Take for example the following magnanimous and most heroical Epistle:—

FROM PHELIM CONNOR TO———
"Return!"—no never, while the withering hand
Of bigot power is on that helpless land;
While, for the faith my fathers held to God,
Ev'n in the fields where free those fathers trod,
I am proscrib'd, and—like the spot left bare
In Israel's halls, to tell the proud and fair
Amidst their mirth, that Slavery had been there—
On all I love, home, parents, friends, I trace
The mournful mark of bondage and disgrace!
No!—let them stay, who in their country's pangs
See nought but food for factions and harangues;
Who yearly kneel before their masters' doors,
And hawk their wrongs, as beggars do their sores:
Still let your * * * * *[1]
* * * * * * * *
Still hope and suffer, all who can!—but I,
Who durst not hope, and cannot bear, must fly.

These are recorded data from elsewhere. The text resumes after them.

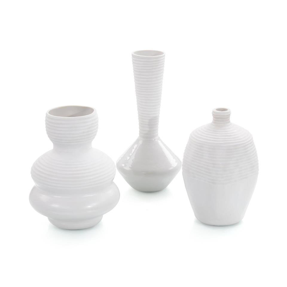 Enjoy the Set of Three White Chiseled Vases in your home today! With a contemporary nod to the classic Greek style, this set of three vases with chiseled bands in white glass is striking. Disclaimer: With glass, variations in size, shape, and color may occur.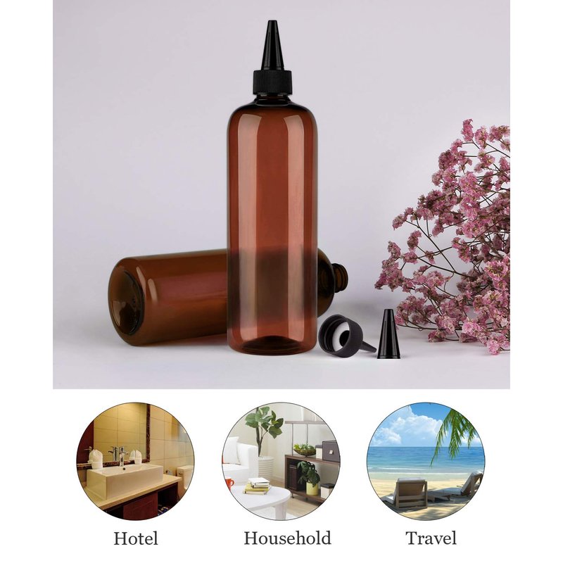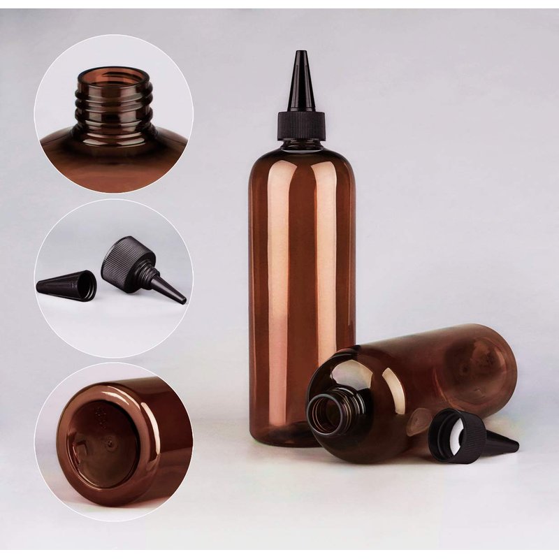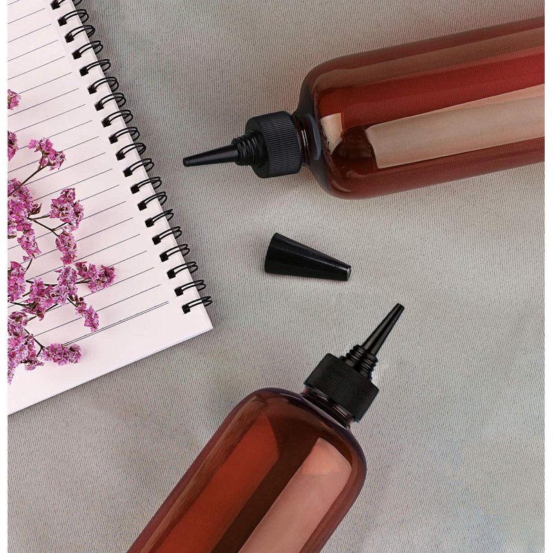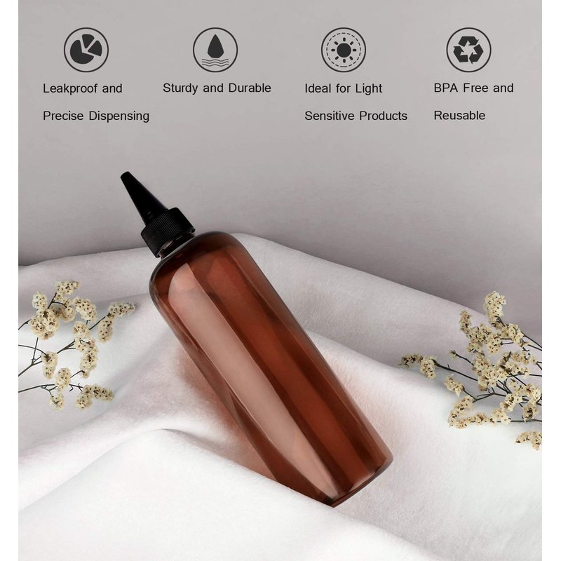 sdoot Amber Squeeze Bottle Hair Color Bottle Applicator Bottle 16 ounce for Hair, PET Plastic Refillable Bottles with Twist Top Cap-2 Pack, Brown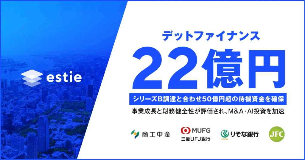 商業用不動産データ分析サービスを手掛ける 株式会社estie(東京・港区) は17日、商工組合中央金庫や三菱UFJ銀行など4金融機関と総額22億円の融資契約を締結したと発表した。タームローンと長期コミットメントラインを組み合わせたデットファイナンスで、シリーズBラウンドでのエクイティ調達と合わせた手元資金は 50億円超 に達したという。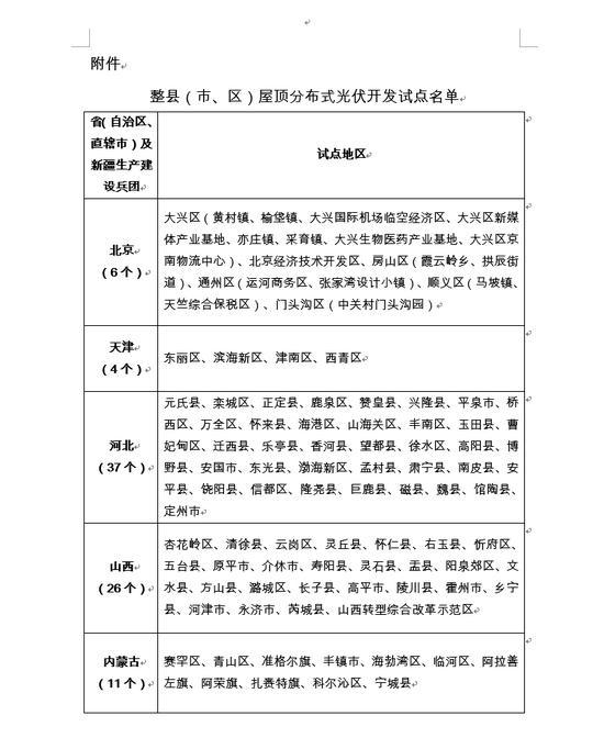 附件(jiàn):整縣(市(shì)、區(qū))屋頂 ≠₩ε分(fēn)布式光(guāng)伏開(kāi♠γ<)發試點名單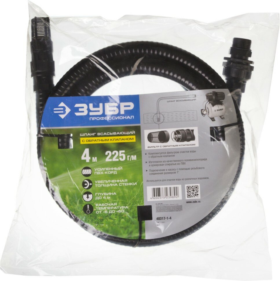 ЗУБР Шланг всасывающий, с фильтром и обратным клапаном, 1", 4м, ( 40317-1-4 ) информация: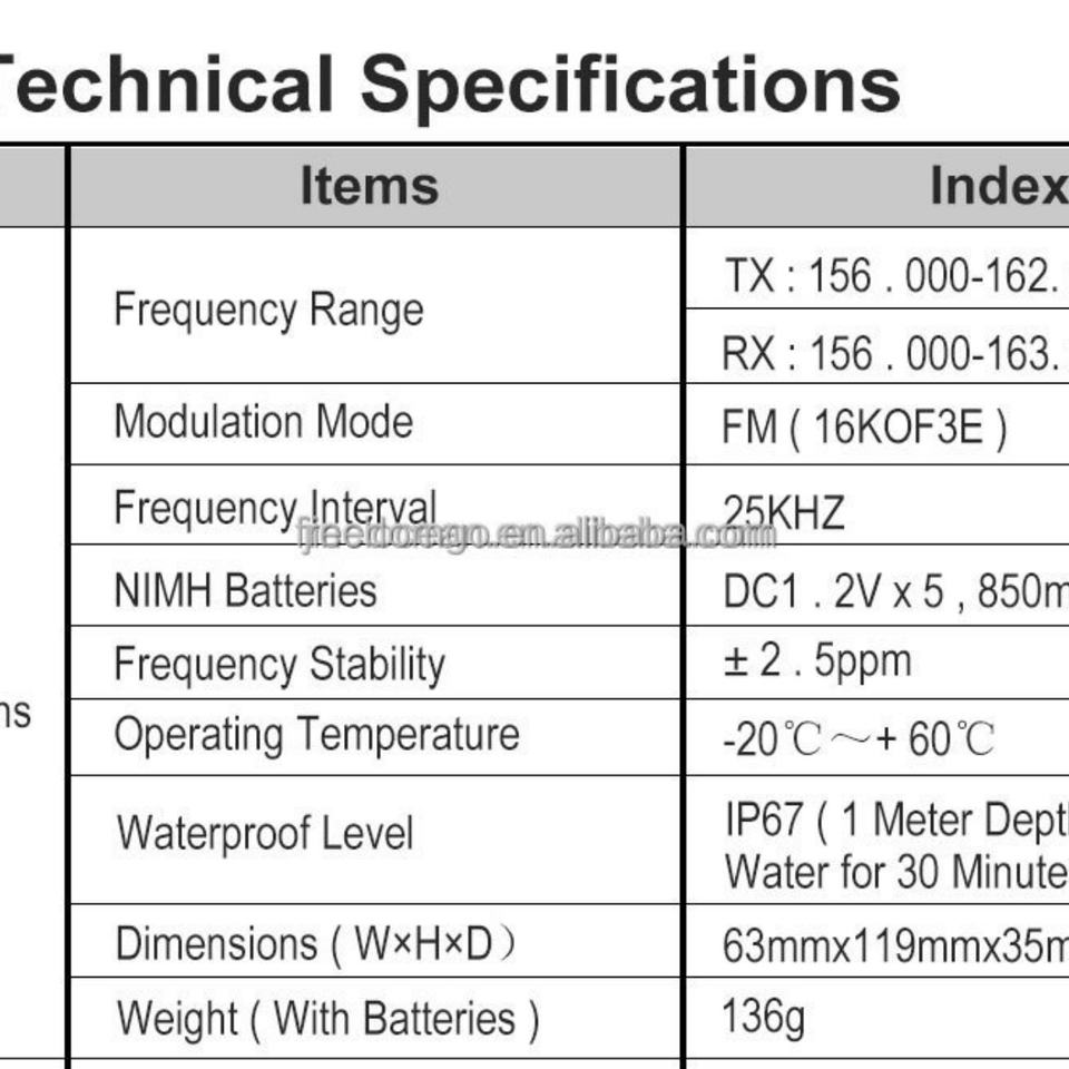 ช่วงความถี่:TX: 156.000-162.000MHz, RX: 156.000-163.275MHz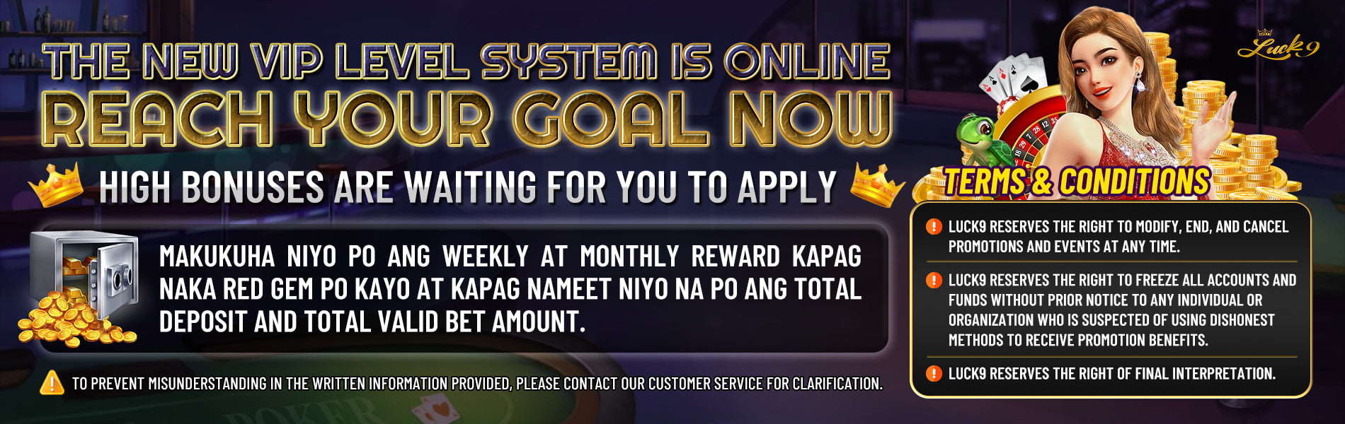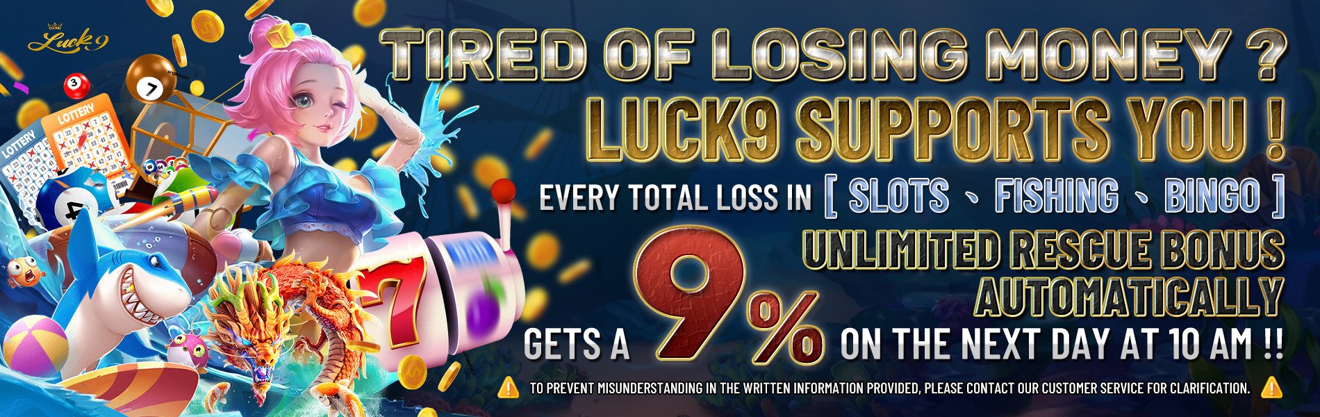 LUCK9 is the most credible and high-quality online casino in the whole Philippines. Besides the fast, safe and stable deposit/withdrawl system, there are also constantly promotional acitivities to give back to our players. Moreover, our 24/7 professional customer service will solve your problems at any time, which make every players enjoy the most honorable and glorious gaming serivice and experiences.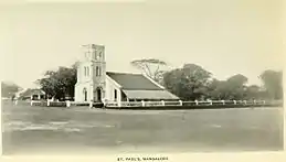 St. Paul's Church is located at the south-west corner of the Nehru Maidan (formerly the Central Maidan) in Mangalore. It was the first Protestant church to be raised in the South Kanara region. St. Paul's was originally a garrison church, raised by the British India army of the Madras Government, built using prison labour.[1][2] St. Paul's is an imposing structure amidst the chaos of the fish market, service bus stand, and the State Bank of India.[3]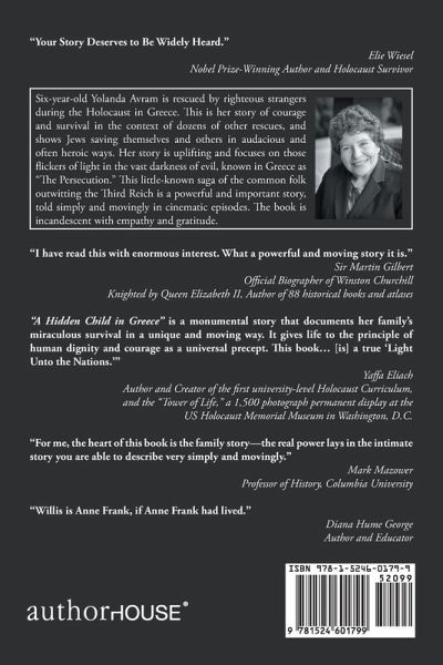 "Your story deserves to be widely heard." —Elie Wiesel, Nobel Prize–winning author and Holocaust survivor ---------------------------------------------------------------- Six-year-old Yolanda Avram is rescued by righteous strangers during the Holocaust in Greece. This is her story of courage and survival in the context of dozens of other rescues and shows Jews saving themselves and others in audacious and often heroic ways. Her story is uplifting and focuses on those flickers of light in the vast darkness of evil, known in Greece as the Persecution. This little-known saga of the common folk outwitting the Third Reich is a powerful and important story, told simply and movingly in cinematic episodes. The book is incandescent with empathy and gratitude. "What a powerful and moving story it is." —Sir Martin Gilbert, official biographer of Winston Churchill, knighted by Queen Elizabeth II, and author of eighty-eight historical books "A Hidden Child in Greece is a monumental story that documents her family’s miraculous survival in a unique and moving way. It gives life to the principle of human dignity and courage as a universal precept . . . this book is a true light unto the nations." —Yaffa Eliach, author and creator of the first university-level Holocaust curriculum and the Tower of Life, a 1,500-photograph permanent display at the US Holocaust Memorial Museum in Washington, DC "Willis is Anne Frank, if Anne Frank had lived." —Diana Hume George, author and educator "For me, the heart of this book is the family story—the real power lays in the intimate story you are able to describe very simply and movingly." —Mark Mazower, director, modern European history, Columbia University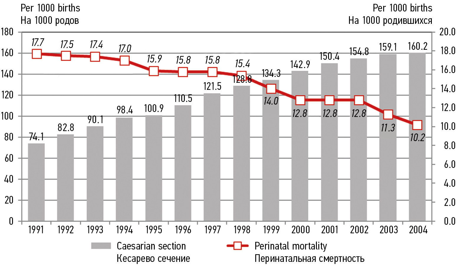 Fig. 4. The frequency of caesarean section and perinatal mortality in the Russian Federation (1991–2004)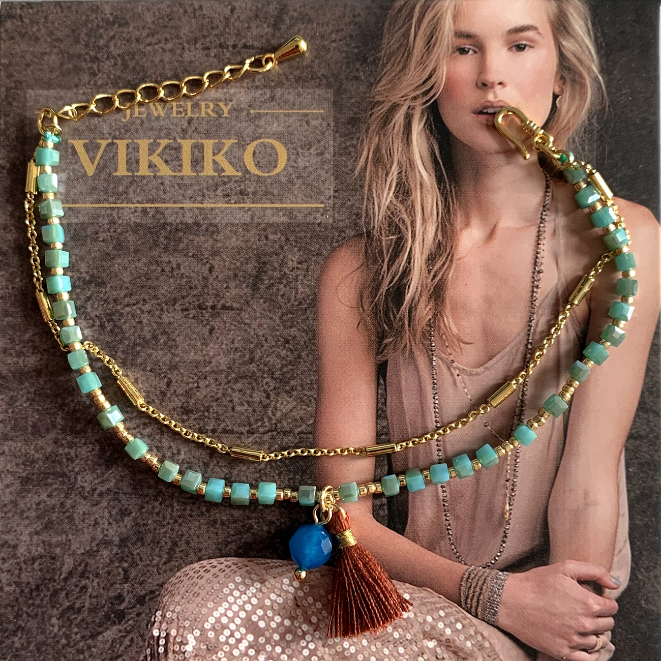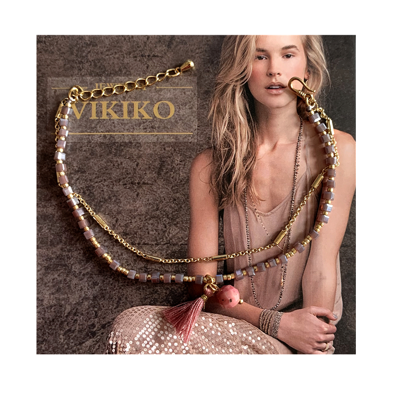 VIKIKO 怀旧款/蛋白紫色水晶手绳ins小众原创双层风格女生手链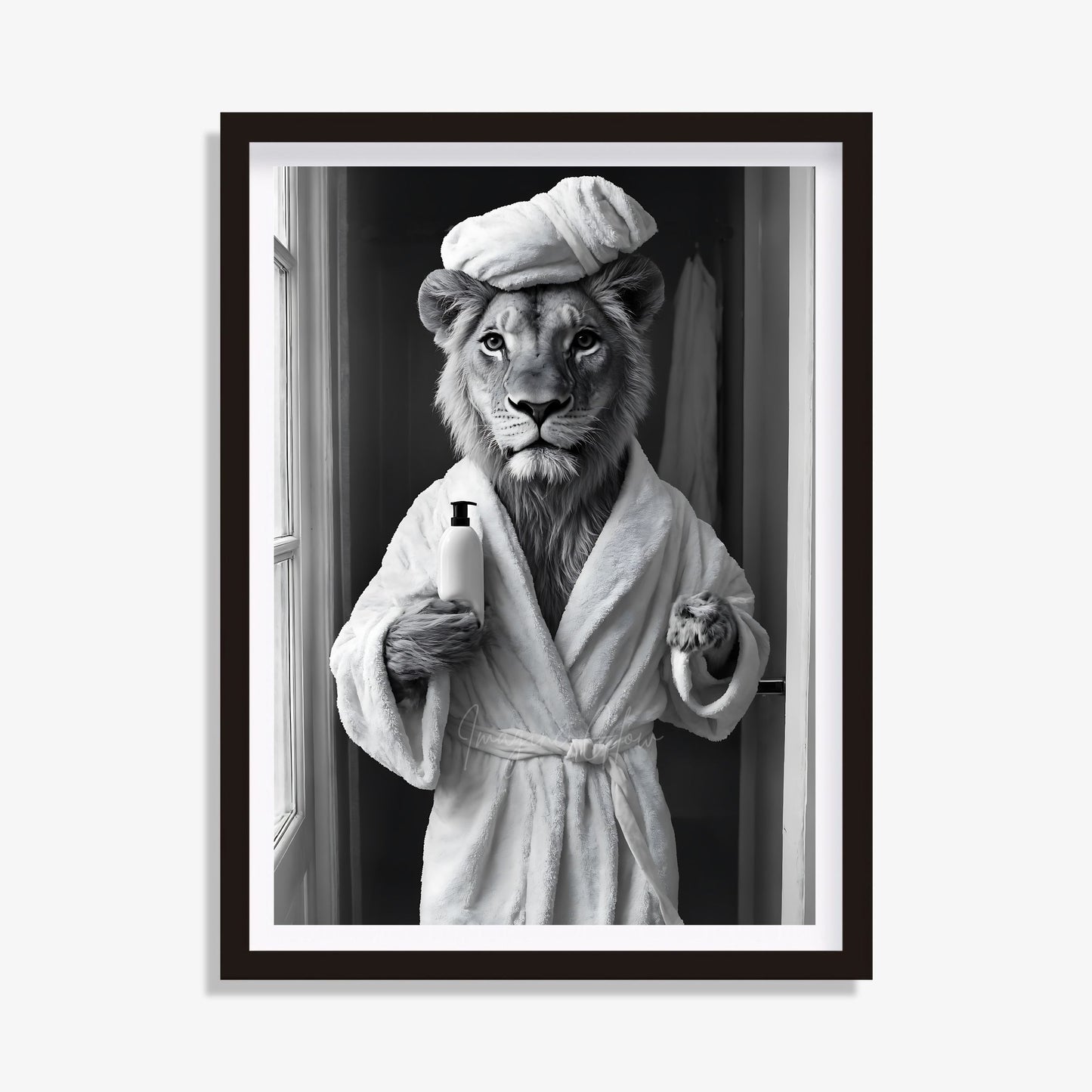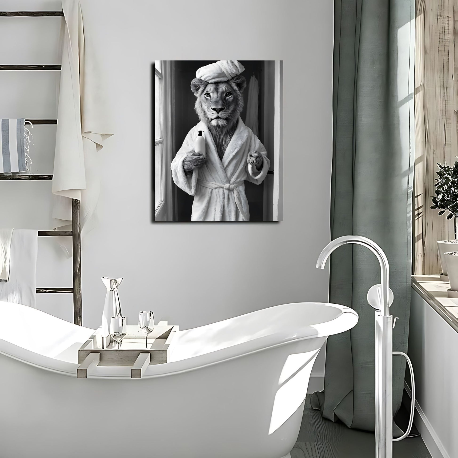 Add a playful touch to your bathroom with this lion print, perfect for fans of quirky animal humor. This black-and-white toilet poster features a whimsical lion taking a bath in a bathtub, making it ideal as bathtime art or restroom wall art. Use it as an above-toilet print or washroom decor to bring charm and fun to your space. This animal in tub design is a funny bathroom photo and makes for unique toilet wall decor. Whether you're redecorating or looking for a creative lion gift, this funny toilet art is sure to impress and add personality to your bathroom.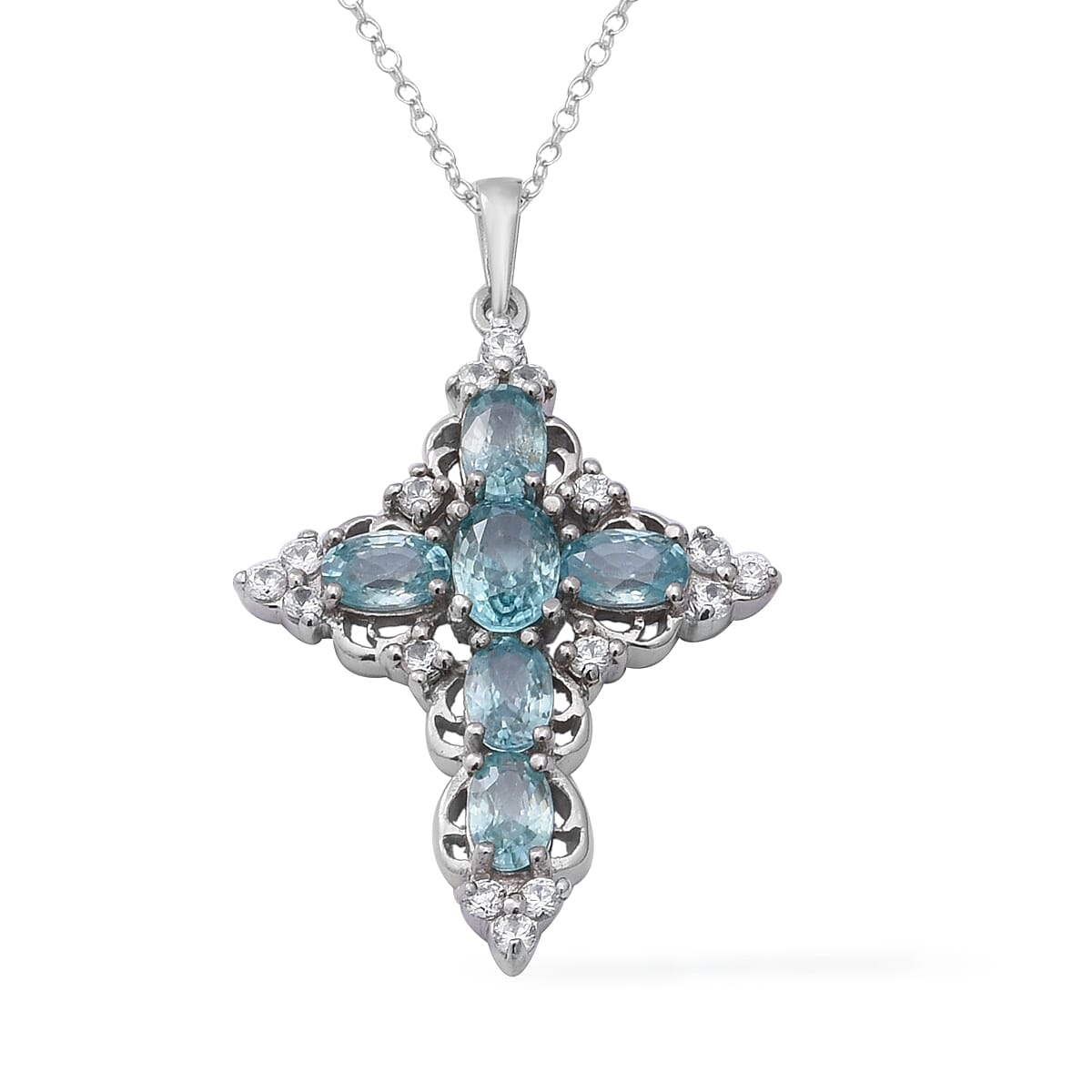 Cambodian Blue Zircon and Natural White Zircon Cross Pendant Necklace 18 Inches in Platinum Over Sterling Silver 5.45 ctw

But whither?—every-where the scourge pursues—
Turn where he will, the wretched wanderer views.
In the bright, broken hopes of all his race,
Countless reflections of th' Oppressor's face!
Every-where gallant hearts, and spirits true,
Are serv'd up victims to the vile and few;
While E******, every-where—the general foe
Of Truth and Freedom, wheresoe'er they glow—
Is first, when tyrants strike, to aid the blow!

  1. I have thought it prudent to omit some parts of Mr. Phelim Connor's letter. He is evidently an intemperate young man, and has associated with his cousins, the Fudges, to very little purpose.